MSA["Masked Multi-Head Self-Attention"]
CA["Multi-Head Cross-Attention"]
FF2["Feed Forward"]
ADD3["Add & Norm"]
ADD4["Add & Norm"]
ADD5["Add & Norm"]
end
ENC --> DEC
Key Dimensions
| Component | Dimension |
|---|---|
| d_model | 512 (embedding dimension) |
| d_ff | 2048 (feed-forward dimension) |
| h | 8 (number of attention heads) |
| d_k = d_v | 64 (d_model / h) |
| N | 6 (number of layers) |
17.3 Embeddings and Position Encoding
Token Embeddings
class Embeddings(nn.Module):
def __init__(self, d_model, vocab):
super().__init__()
self.lut = nn.Embedding(vocab, d_model)
self.d_model = d_model
def forward(self, x):
return self.lut(x) * math.sqrt(self.d_model)

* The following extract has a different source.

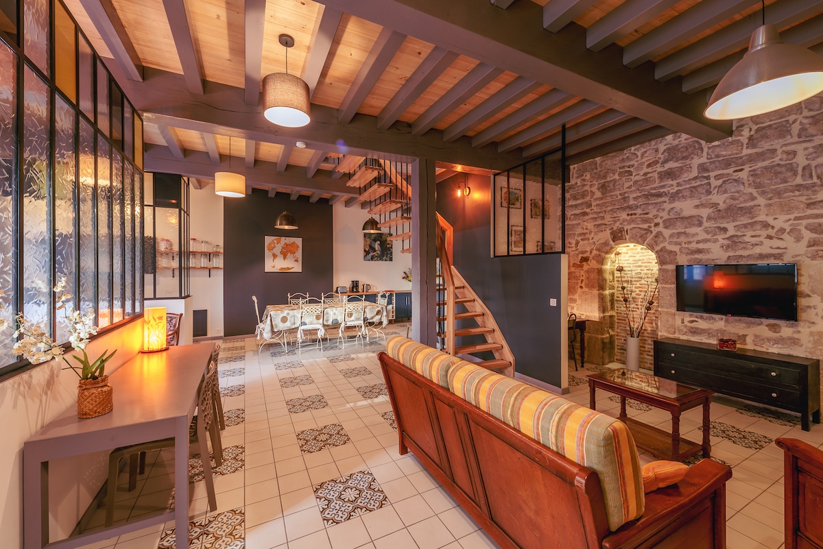 Laissez-vous charmer par le paisible appartement « Le Duplex » niché dans le centre historique de Figeac. La répartition de ses 60m² est fonctionnelle avec rénovation récente : il est prêt à vous accueillir ! Idéalement situé, vous y accèderez par un patio : calme et intimité assurés. Plus besoin de votre voiture, tous les commerces et espaces touristiques sont à proximité. « Le Duplex » est entièrement équipé pour assurer votre confort. Linge de lit et de bain fourni.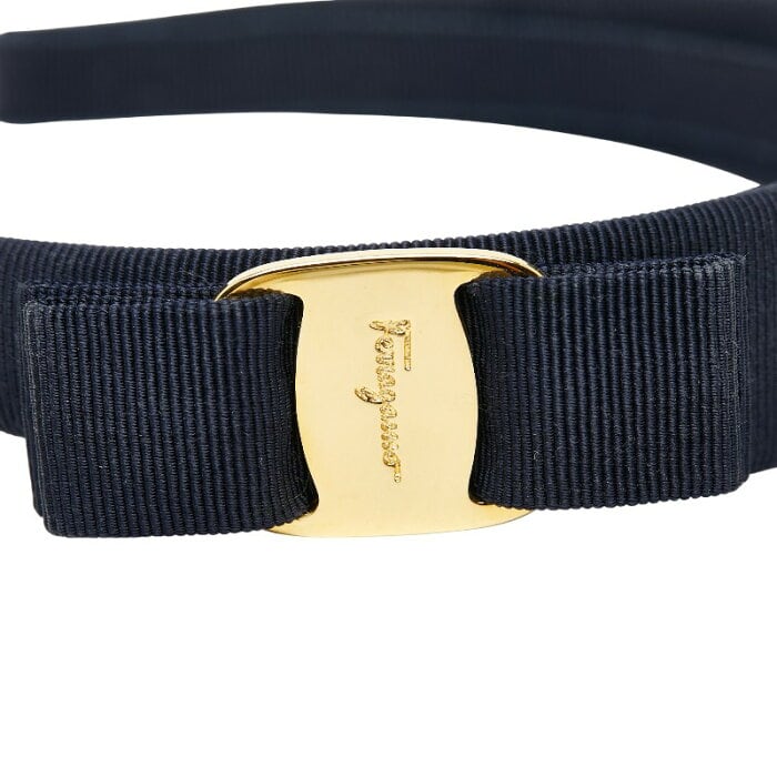 サルヴァトーレフェラガモ ヴァラリボン カチューシャ ヘアアクセサリー ネイビー キャンバス メッキ レディース Salvatore Ferragamo 【中古】

Key detail: Scale by √d_model to match position encoding magnitude.
Position Encoding
class PositionalEncoding(nn.Module):
def __init__(self, d_model, dropout, max_len=5000):
super().__init__()
self.dropout = nn.Dropout(p=dropout)
# Create positional encoding matrix
pe = torch.zeros(max_len, d_model)
position = torch.arange(0, max_len).unsqueeze(1).float()
div_term = torch.exp(torch.arange(0, d_model, 2).float() *
-(math.log(10000.0) / d_model))
pe[:, 0::2] = torch.sin(position * div_term)
pe[:, 1::2] = torch.cos(position * div_term)
pe = pe.unsqueeze(0) # [1, max_len, d_model]
self.register_buffer('pe', pe)
def forward(self, x):
x = x + Variable(self.pe[:, :x.size(1)], requires_grad=False)
return self.dropout(x)
graph LR
subgraph "Position Encoding"
P["Position index"]
D["Div term<br/>10000^(2i/d)"]
SIN["sin(pos/div)"]
COS["cos(pos/div)"]
PE["Position encoding"]
end
P --> D --> SIN --> PE
P --> D --> COS --> PE
K["Different frequencies<br/>for different dimensions"]
PE --> K
style K fill:#ffe66d,color:#000
17.4 Multi-Head Attention Implementation
The Complete Function
def attention(query, key, value, mask=None, dropout=None):
"Compute 'Scaled Dot Product Attention'"
d_k = query.size(-1)
scores = torch.matmul(query, key.transpose(-2, -1)) / math.sqrt(d_k)
if mask is not None:
scores = scores.masked_fill(mask == 0, -1e9)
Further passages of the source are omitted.